Thanks for braving the dangers of Dungeons and Dragons to bring us this post. :)
Aug 05, 2006
Xie xie ni (you'll have to use it eventually!), Holly, that was a good post. Hope you're having a great time!!
Aug 05, 2006
Glad to hear you've located clean sheets, cheap beer, and internet access. Sorry to hear about the jazz hands.
And it's definitely 'Lexi', according to Alan Partridge, who ought to know: "It's not a brown Toyota, it's COFFEE-COLOURED LEXUS!"
Aug 05, 2006
I'm with Samantha.. you walked onto a Shanghai version of West Side Story, perhaps? :) Everything sounds great! Have fun
Aug 05, 2006
Shanghai Jazz Hands ....sounds a bit like a name for a band, no? Love that picture - you two have such pretty, pretty eyes!
Aug 05, 2006
I like the sound of both kinds of self-help lunch!

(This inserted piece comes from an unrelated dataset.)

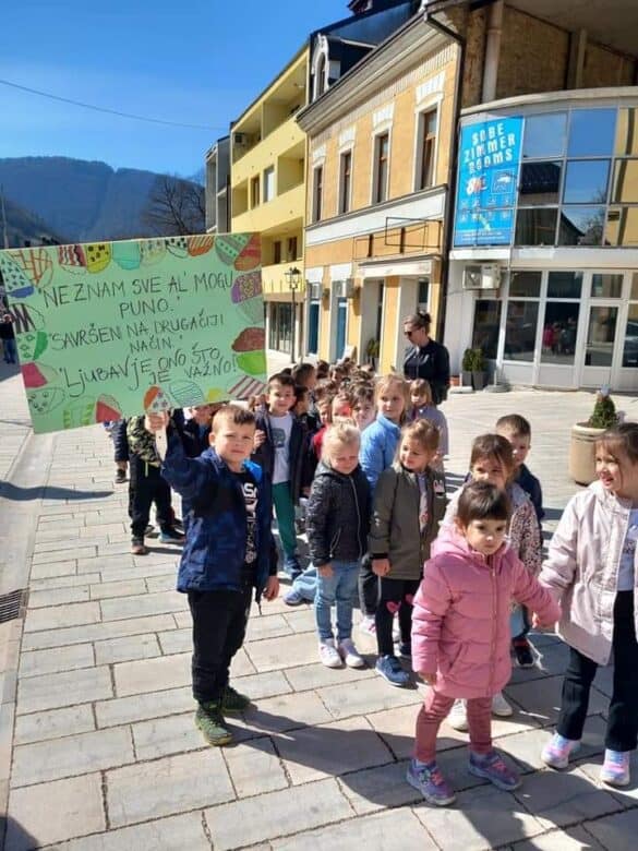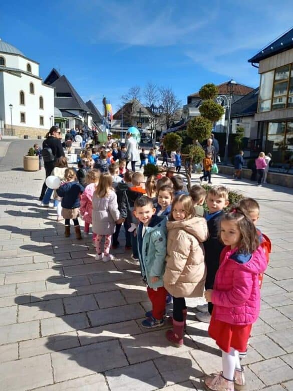 Šetnjom i igrom, postavljenjem šarenih čarapa djeca dječjeg vrtića Bare obilježila su danas svjetski dan osoba s Down sindromom.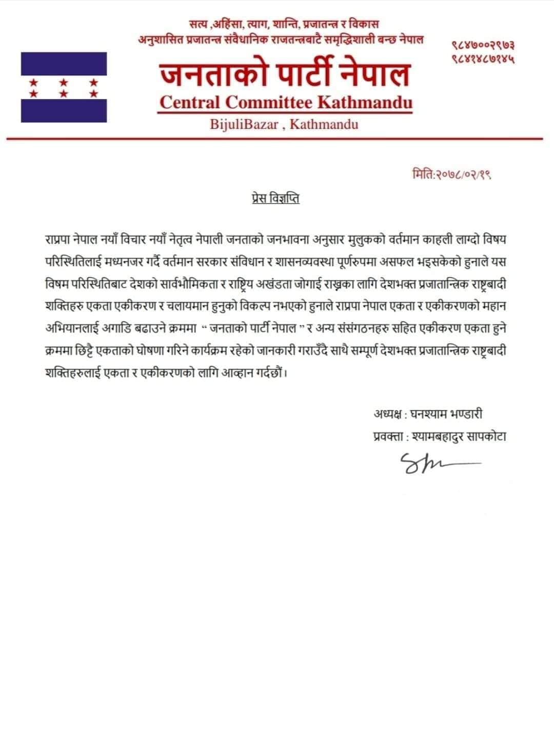 राप्रपा नेपाल र जनताको पार्टी नेपालबीच एकता हुने

In NZ the Chinese restaurants boast something called a Chinese Smorgasbord...which I always thought was an entertainly odd combination of cultures.

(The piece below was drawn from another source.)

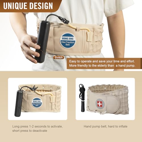HONGJING Electric Pump Decompression Belt for Lower Back Pain Relief, Inflatable Back Reliever Lumbar Support Brace, One Size Fits 29-49 Waist
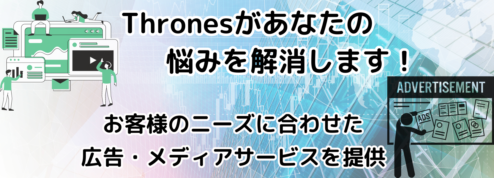 Thrones(スローンズ)では、下記のようなお悩みをすべて解消致します!- 「商品やサービスを宣伝したい」

And yes I am strangely interested in descriptions of the food (no seafood)...so do tell.
Anyway, thanks Wizardess Xanadina for braving the trolls to update us! We appreciate it!
xx
Aug 05, 2006
Ooh, I'm not sure I could do the travelling-where-I-have-no-clue-what's-going-on-scenario. I'm just back from a few days in Belgium, where Flemish was just about similar enough to a screwy mix of English and German that I knew what I was walking past half the time. Half the time is fine, none of the time is a bit scary!
Aug 05, 2006
I haven`t been to Shanghai since 1994, when I went on a press junket to visit the Shanghai Petrochemical Company, and extoll the virtues of the Great Oil Industry of the People.
I can at least read a few of the Chinese characters (from all my years studying Japanese), but I don`t speak a word of Chinese, and I remember very similar problems getting around when I tried to do so on my own, as a single white woman. I never went anywhere alone without asking a sympathetic, English-friendly Chinese person to write the address of where I was headed, and where I needed to return. I constantly threw myself on the mercy of strangers.
Aug 06, 2006
Love the photos! And how very dear of you to help me drop the 10 extra ellbees I've been hauling around. Now when I'm feeling famished I'll just check out your pictures of the market! Thanks for braving the internet cafe/opium den to keep us updated.
Aug 06, 2006
Captain's Hotel! That's great! Have fun and enjoy the view...
Aug 06, 2006
I am glad you managed to find clean sheets, cheap beer and (most importantly) Sephora! All in two days....imagine what you'll find the rest of the journey!
Aug 06, 2006
I love how you describe it all, Holly. I think you and I have similar reactions to things. Thanks for keeping us up to date, even at your peril! Game boys kinda freak me out.
Aug 06, 2006
It makes me both sad and joyous to read this. Sad: because I want to be there and I am infinitely jealous of you, like infinity plus two; and Joyous: because I am so excited that you get to take this trip and that you are experiencing so many things. What an incredible trip!
Also, Shanghai? 72 Starbucks.
Aug 06, 2006
Love the pictures! Glad you're having such a good time. It was fun reading about your first day or two there.
Aug 07, 2006
I never thought I would say this, but: I miss China! Even the blackened feet. Your stories make me want to go all over again.
Aug 07, 2006
I love reading about your trip... so exciting! And you make me laugh with your stories ;) I hope you keep having a fabulous time!
Aug 07, 2006
I’m so glad you made it out of the opium den/dungeons and dragons web café without being sold into white slavery as a loincloth-and-metal-bodice-wearing hostage named Xina or somesuch. Although the loincloth would be immensely helpful when your poop turns the consistency of pondwater. Perhaps you should purchase a tie-dyed one at the Shanghai market.
Aug 08, 2006
Oh man.. great photos... what camera are you using... they are excellent! And WOW... hats off to you, you guys look like you are having a blast! Love your recaps, makes me want to jump in a plane right.now!
Aug 17, 2006
nice pix, lady. oh and could you two BE any cuter? jesus.